CAVIAR was created by Farhad Hormozdiari, Emrah Kostem, Eun Yong Kang, Bogdan Pasaniuc and Eleazar Eskin. Software is freely available for download: http://genetics.cs.ucla.edu/caviar/
For more information, see our full paper, which can be accessed through AJHG: http://www.cell.com/ajhg/abstract/S0002-9297(17)30149-0
The full citation of our paper:
Hormozdiari F, Zhu A, Kichaev G, Ju CJ, Segrè AV, Joo JW, Won H, Sankararaman S, Pasaniuc B, Shifman S, Eskin E. Widespread allelic heterogeneity in complex traits. The American Journal of Human Genetics. 2017 May 4;100(5):789-802.
Our group, in an effort led by former UCLA PhD student Dan He, developed an algorithm for reconstructing pedigrees with genotype data. This novel approach is presented in a paper recently published in IEEE/ACM Transactions on Computational Biology and Bioinformatics.
Pedigree inference plays an important role in population genetics. Pedigrees, commonly known as family trees, represent genetic relationships between individuals of a family. A pedigree diagram provides a model to compute the inheritance probability for the observed genotype and encodes all possible inheritance options for an allele in an individual. Pedigree reconstruction methods face several challenges. First, there can be an exponential number of possible pedigree graphs, and, second, the number of unknown ancestors can become very large as the height of the pedigree increases.
Our project uses genotype data to reconstruct pedigrees with computational efficiency despite these challenges. Our previous method, IPED, is the only known algorithm scalable to large pedigrees with reasonable accuracy for cases involving both outbreeding and inbreeding. IPED starts from extant individuals and reconstructs the pedigree generation by generation backwards in time. For each generation, IPED predicts the pairwise relationships between the individuals at the current generation and create parents for them according to their relationships.
Existing methods, including IPED, only consider pedigrees with simple structure; they cannot handle populations where, for example, two children share only one parent.
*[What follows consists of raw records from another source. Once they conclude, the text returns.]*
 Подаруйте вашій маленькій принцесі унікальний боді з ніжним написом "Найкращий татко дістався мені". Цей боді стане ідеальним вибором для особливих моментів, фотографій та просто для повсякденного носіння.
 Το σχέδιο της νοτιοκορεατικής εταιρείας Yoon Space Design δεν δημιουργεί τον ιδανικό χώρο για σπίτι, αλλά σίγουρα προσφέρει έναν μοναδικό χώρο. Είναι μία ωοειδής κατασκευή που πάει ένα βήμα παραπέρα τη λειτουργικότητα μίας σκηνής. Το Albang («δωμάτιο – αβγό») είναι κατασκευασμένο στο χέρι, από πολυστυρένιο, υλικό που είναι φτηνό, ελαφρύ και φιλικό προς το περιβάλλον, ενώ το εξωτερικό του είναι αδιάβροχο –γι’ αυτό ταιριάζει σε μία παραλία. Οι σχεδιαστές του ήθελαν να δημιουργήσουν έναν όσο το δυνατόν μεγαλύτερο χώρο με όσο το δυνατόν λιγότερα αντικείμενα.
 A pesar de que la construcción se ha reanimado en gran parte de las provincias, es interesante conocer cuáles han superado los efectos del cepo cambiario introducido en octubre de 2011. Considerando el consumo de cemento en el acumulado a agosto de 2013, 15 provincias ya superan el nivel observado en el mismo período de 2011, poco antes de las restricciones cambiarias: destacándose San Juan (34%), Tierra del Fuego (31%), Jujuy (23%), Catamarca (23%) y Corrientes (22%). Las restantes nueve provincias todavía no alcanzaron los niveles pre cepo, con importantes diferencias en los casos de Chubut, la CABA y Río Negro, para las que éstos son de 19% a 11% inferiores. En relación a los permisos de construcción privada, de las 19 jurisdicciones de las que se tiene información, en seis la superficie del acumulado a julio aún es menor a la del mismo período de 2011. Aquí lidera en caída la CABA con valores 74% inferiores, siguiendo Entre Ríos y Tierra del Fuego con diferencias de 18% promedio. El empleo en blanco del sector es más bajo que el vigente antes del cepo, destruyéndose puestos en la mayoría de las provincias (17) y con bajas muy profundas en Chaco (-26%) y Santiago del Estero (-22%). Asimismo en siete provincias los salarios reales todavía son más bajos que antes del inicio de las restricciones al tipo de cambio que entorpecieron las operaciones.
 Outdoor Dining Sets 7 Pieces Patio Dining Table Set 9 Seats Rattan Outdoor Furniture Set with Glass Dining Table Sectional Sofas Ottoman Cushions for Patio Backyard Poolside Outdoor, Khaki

To improve pedigree reconstruction when populations have complex structure, we proposed the novel method IPED2. Our approach uses a new statistical test to detect half-sibling relationships and a new graph-based algorithm to reconstruct the pedigree when half-siblings are allowed.
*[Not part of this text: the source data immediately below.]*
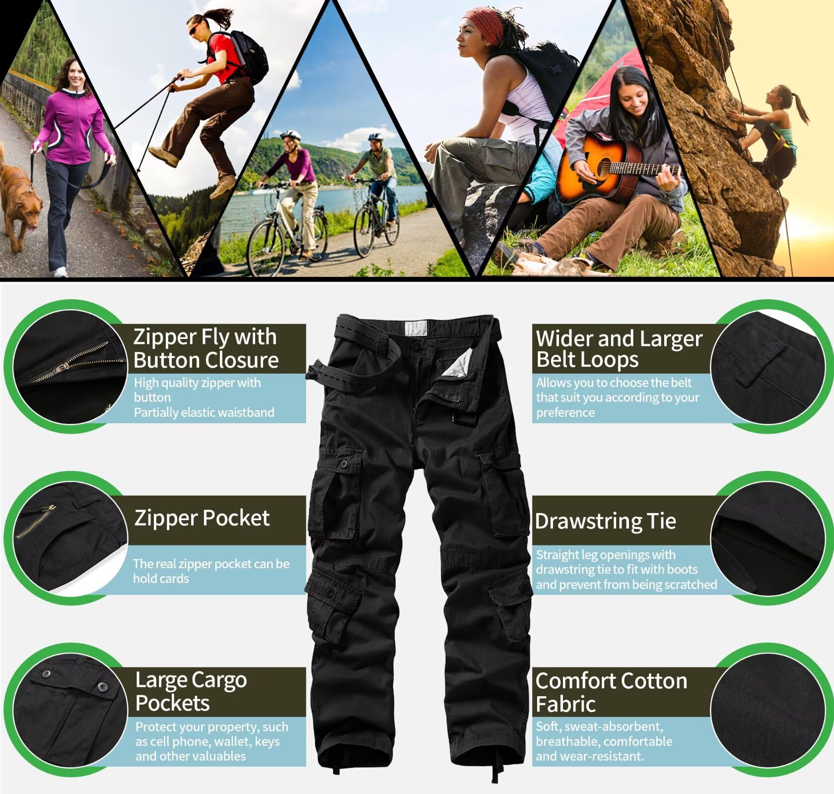 ADJUSTABLE WAISTBAND & BOTTOMS. Camo cargo pants women features breathable and lightweight sturdy twill fabric, soft and comfortable to wear. Hiking pants featuring an adjustable semi waistband and cuffs, these mid-waisted parachute pants provide a customizable fit that ensures both comfort and style. Whether you're trekking uphill or relaxing by the campfire, they move with you. Women cargo pants with pockets are also a good choice for leisure time or games for the cool and fashion design.
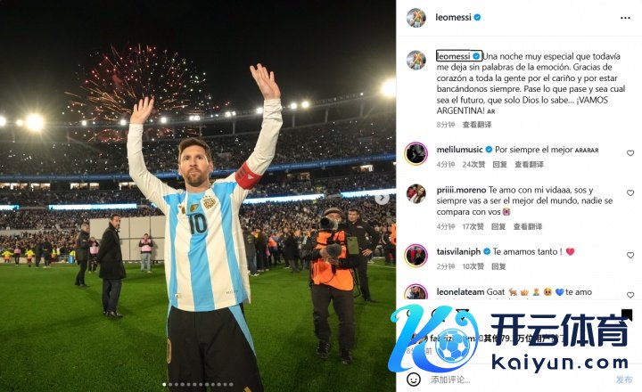 09月05日讯 世初赛南好意思区第17轮,阿根廷3-0完胜委内瑞拉,梅西梅开二度。赛后梅西发布社媒,缅念念了我方在阿根廷国度队的临了一场原土主场比赛。
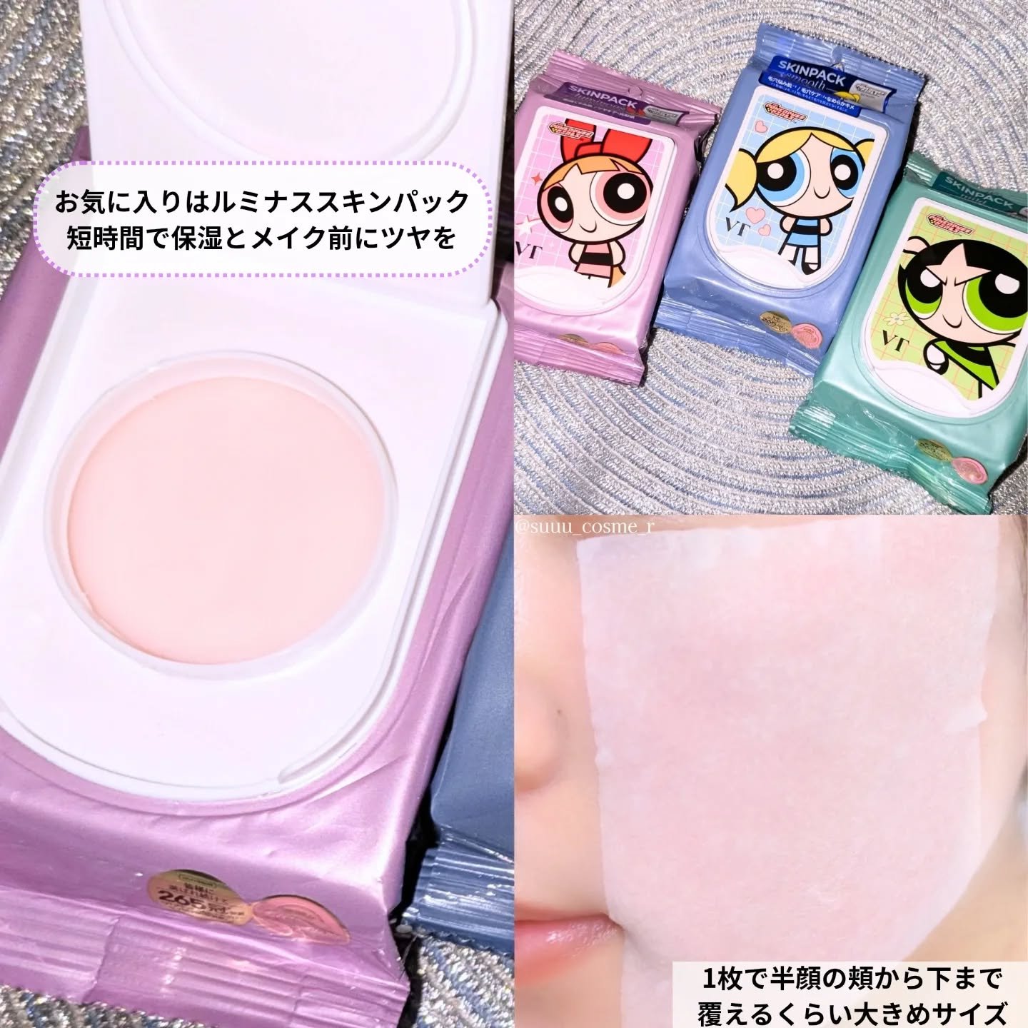 \かわいい朝の時短アイテム!/💗ルミナススキンパック(パワパフ)💙スムーズスキンパック(パワパフ)💚マイルドスキンパック(パワパフ)各1650円8/7(木)よりPLAZA・MINiPLAにて発売スタート!パワパフのパケにテンションが上がります...

In order to test the performance of our method on complicated pedigrees, we use simulated pedigrees with different parameter settings and, instead of genotype data, we simulate haplotypes
directly. Our experiments show that IPED2 outperforms IPED and two other existing approaches for cases where there are half-siblings.
To our knowledge, this is the first method that can, using just genotype data, reconstruct pedigrees with half-siblings and inbreeding. IPED2 is also scalable to large pedigrees. In future work, we would like to consider additional genetic actions, such as insertion, deletion, and replacement, to resolve the conflicts. We also plan to refine IPED2 to consider cases where genotypes of ancestral individuals are known and where genotypes of extant individuals that are not on the lowest generations are known.
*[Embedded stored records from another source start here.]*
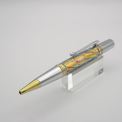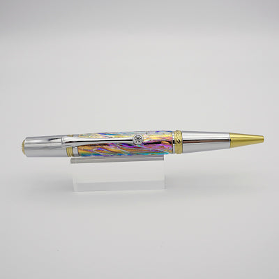 This pen has an ice blue shimmer with strong flashes of golds, oranges and pinks. Decorative center band, tip and top are gold titanium and chrome, with a Swarovski crystal accent on the clip.
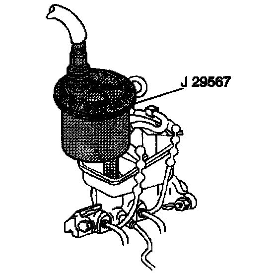 16. Fill the master cylinder to the proper level. Refer to Master Cylinder Reservoir Filling.
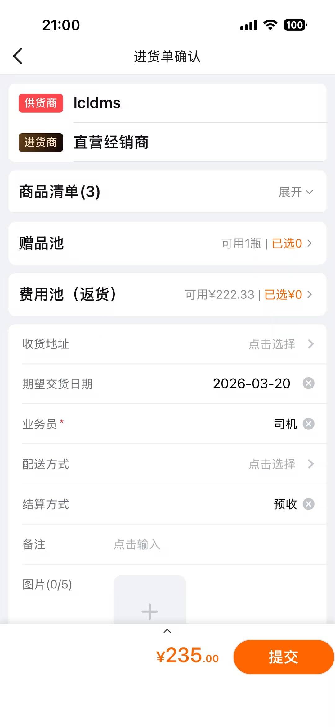 - 多维度备注说明:您可以点击“备注”输入具体的进货要求(如:避开午休送货、需搬运上楼等)。
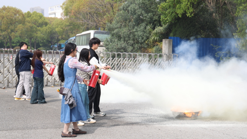 隨后,師生們分組排隊(duì)有序參與滅火演練。他們手持滅火器,面對(duì)濃煙升騰的模擬火源,臨危不亂、冷靜沉著地相互提醒、配合默契,一人托住滅火器底部,一人握緊提把,執(zhí)行正確操作步驟。從拔掉保險(xiǎn)銷、對(duì)準(zhǔn)火源根部到按壓把手,當(dāng)最后一絲火苗在白霧中熄滅,標(biāo)志著師生們齊心協(xié)力成功完成了模擬滅火任務(wù)。
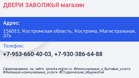 ДВЕРИ ЗАВОЛЖЬЯ, магазин по адресу 156011, Костромская область, Кострома, Магистральная, 37а в дальнейшем Организация, размещена в следующих категориях:
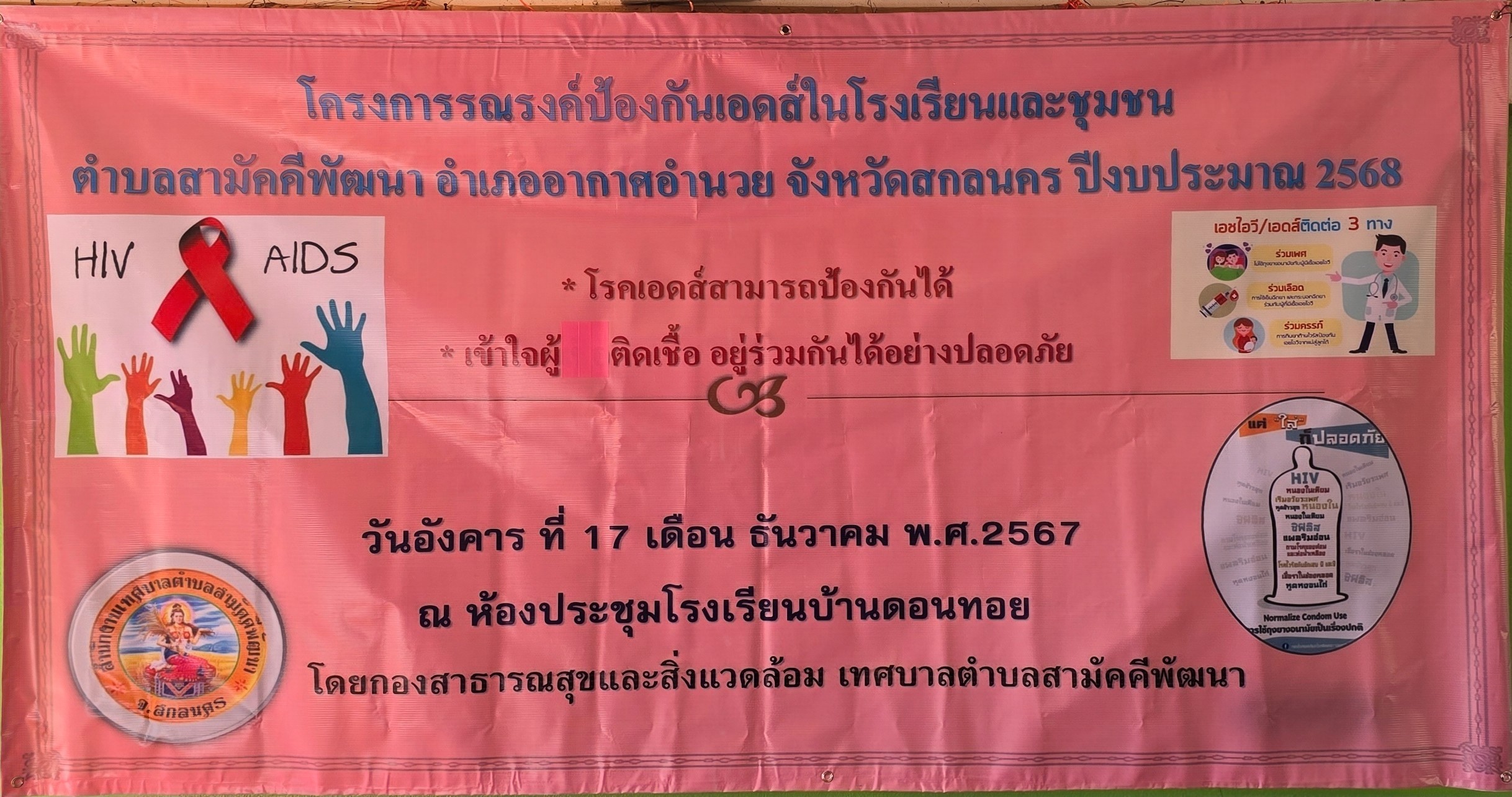 การดำเนินงานโครงการรณรงค์ป้องกันเอดส์ในชุมชน ตำบลสามัคคีพัฒนา อำเภออากาศอำนวย จังหวัดสกลนคร ปี 2568

For more information, see our paper, which is available for download through Bioinformatics: http://ieeexplore.ieee.org/abstract/document/7888513/.
In addition, the open source implementation of IPED2, which was developed by Dan He, is freely available for download at http://genetics.cs.ucla.edu/Dan/Software/IPED2.html.
The full citation to our paper is:
He, D., Wang, Z., Parida, L. and Eskin, E., 2017. IPED2: Inheritance path based pedigree reconstruction algorithm for complicated pedigrees. IEEE/ACM Transactions on Computational Biology and Bioinformatics.